### [The records]
+ + + +

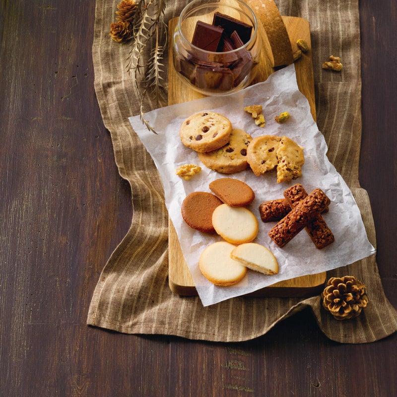 ナッツとチョコのざっくりクッキー、なめらかな口当たりの生地に2種類のチョコクリームをサンドしたラングドシャ。コーヒー、紅茶によく合う焼き菓子を詰合せました。
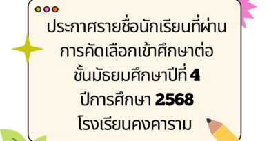 ประกาศผลการสอบคัดเลือกนักเรียนเข้าเรียน ชั้นมัธยมศึกษาปีที่ 4 ปีการศึกษา 2562
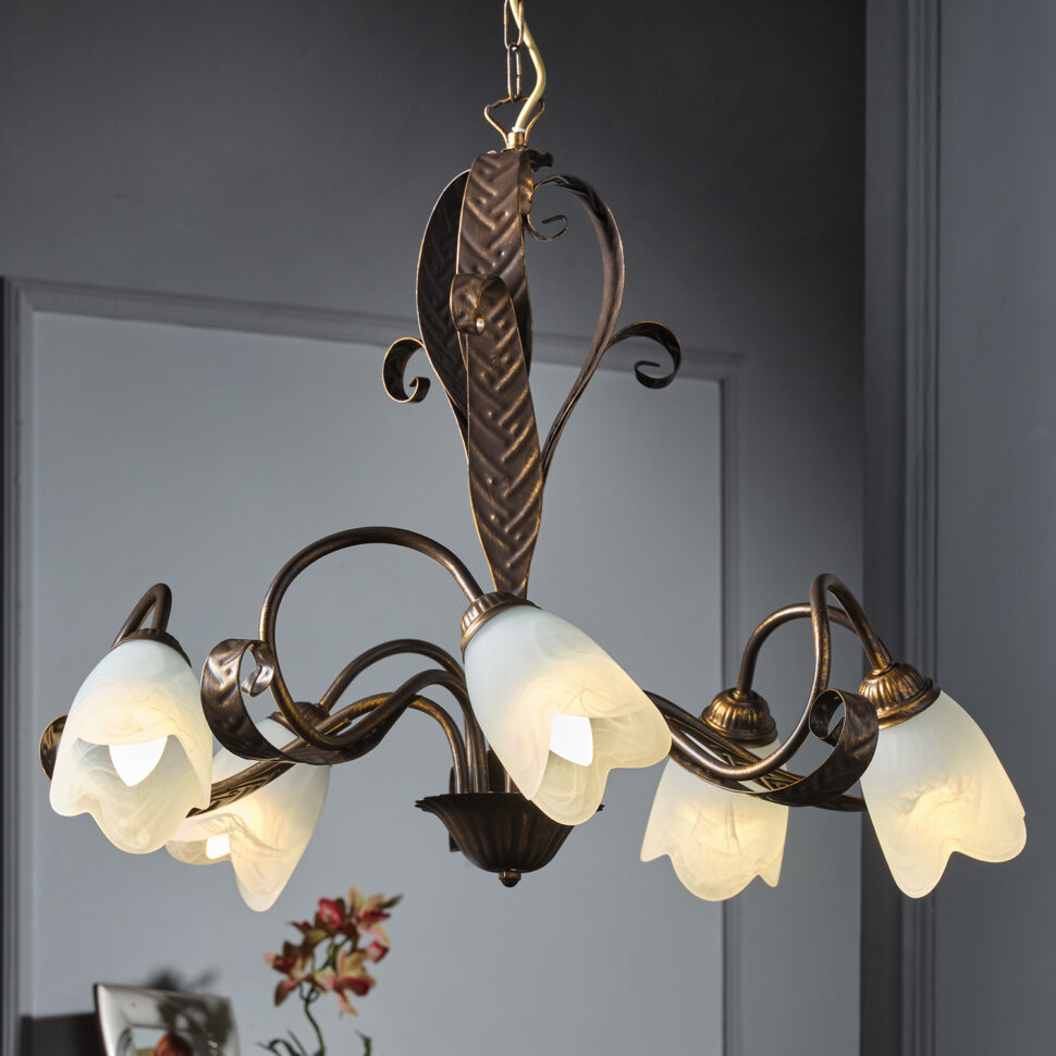 Lampada da soffitto a 5 luci con foglie decorative. Perfetta per la zona giorno, ideale anche alla zona notte. Sospensione con attacchi E14, altezza 100 cm, diametro 70 cm.
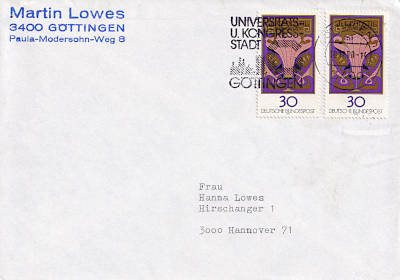 Inlandsbrief (1-20 g) vom 10.12.1980 (8. Periode) frankiert mit 2 Marken a 30 Pfennig (=60 Pfennig) |
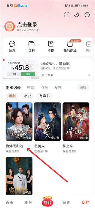3、點擊我的選項,進入個人頁面,可查看瀏覽記錄、在追等內容,選擇悔燼無歸途等短劇進入詳情頁。
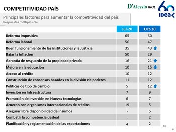 Secco hizo foco en los factores necesarios para poder aumentar la competitividad del país, y le llamó la atención que la búsqueda de consensos estuviera en el octavo lugar en el listado de los empresarios y en el séptimo la articulación público-privado, porque “estaría reflejando un alto grado de escepticismo sobre la posibilidad de convocatoria del Gobierno” para superar la crisis.
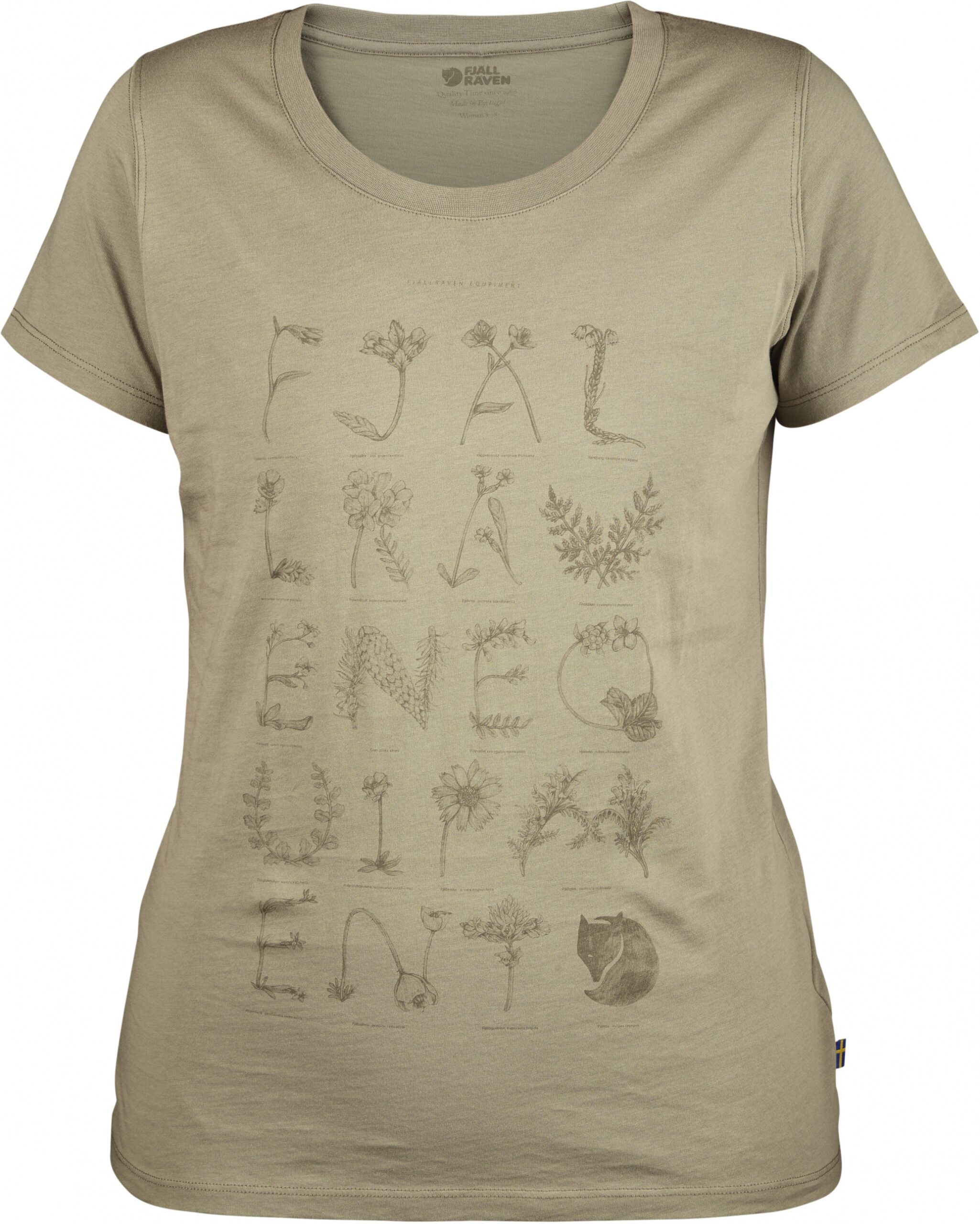 Pohodlné tričko s krátkym rukávom s okrúhlym výstrihom z organickej bavlny. Potlačené textom „Fjällräven Equipment“ na prednej časti, s písmenami z kvetín, ktoré rastú pozdĺž turistickej cesty King’s Trail vo Švédsku.
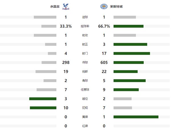 24直播网讯:北京时间12月28日23:00,英超第16轮,水晶宫对阵莱斯特城。上半场伊希纳乔失点,易边再战,扎哈打破僵局,哈维-巴恩斯远射扳平。最终全场比赛结束,水晶宫1-1莱斯特城。
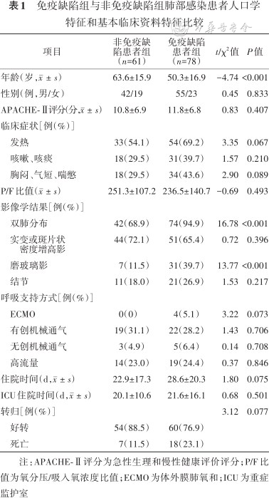 | 项目 | 非免疫缺陷患者组(n=61) | 免疫缺陷患者组(n=78) | t/χ2值 | P值 |
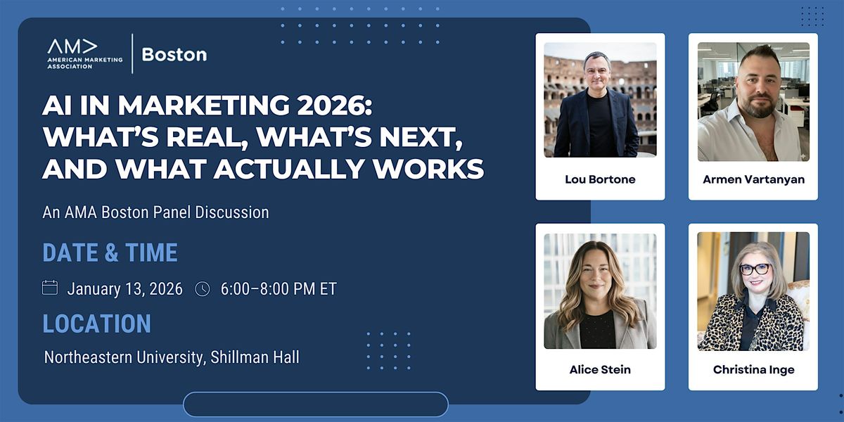 Join the American Marketing Association for an engaging evening with three leaders who bring strategic, creative, and performance-driven perspectives on the future of AI in marketing. This panel will explore how generative and agentic AI are reshaping go-to-market strategy, video and creative, search and paid media, and the ethical foundations marketers need to build for sustainable growth.

+ + + +

### [The task]
All lines from the beginning of the material through the line that holds "Pohodlné tričko s", both included, should be returned exactly; please omit any pictures and add no other lines.

### [Output for this task]
 ナッツとチョコのざっくりクッキー、なめらかな口当たりの生地に2種類のチョコクリームをサンドしたラングドシャ。コーヒー、紅茶によく合う焼き菓子を詰合せました。
 ประกาศผลการสอบคัดเลือกนักเรียนเข้าเรียน ชั้นมัธยมศึกษาปีที่ 4 ปีการศึกษา 2562
 Lampada da soffitto a 5 luci con foglie decorative. Perfetta per la zona giorno, ideale anche alla zona notte. Sospensione con attacchi E14, altezza 100 cm, diametro 70 cm.
 Inlandsbrief (1-20 g) vom 10.12.1980 (8. Periode) frankiert mit 2 Marken a 30 Pfennig (=60 Pfennig) |
3、點擊我的選項,進入個人頁面,可查看瀏覽記錄、在追等內容,選擇悔燼無歸途等短劇進入詳情頁。
 Secco hizo foco en los factores necesarios para poder aumentar la competitividad del país, y le llamó la atención que la búsqueda de consensos estuviera en el octavo lugar en el listado de los empresarios y en el séptimo la articulación público-privado, porque “estaría reflejando un alto grado de escepticismo sobre la posibilidad de convocatoria del Gobierno” para superar la crisis.
 Pohodlné tričko s krátkym rukávom s okrúhlym výstrihom z organickej bavlny. Potlačené textom „Fjällräven Equipment“ na prednej časti, s písmenami z kvetín, ktoré rastú pozdĺž turistickej cesty King’s Trail vo Švédsku.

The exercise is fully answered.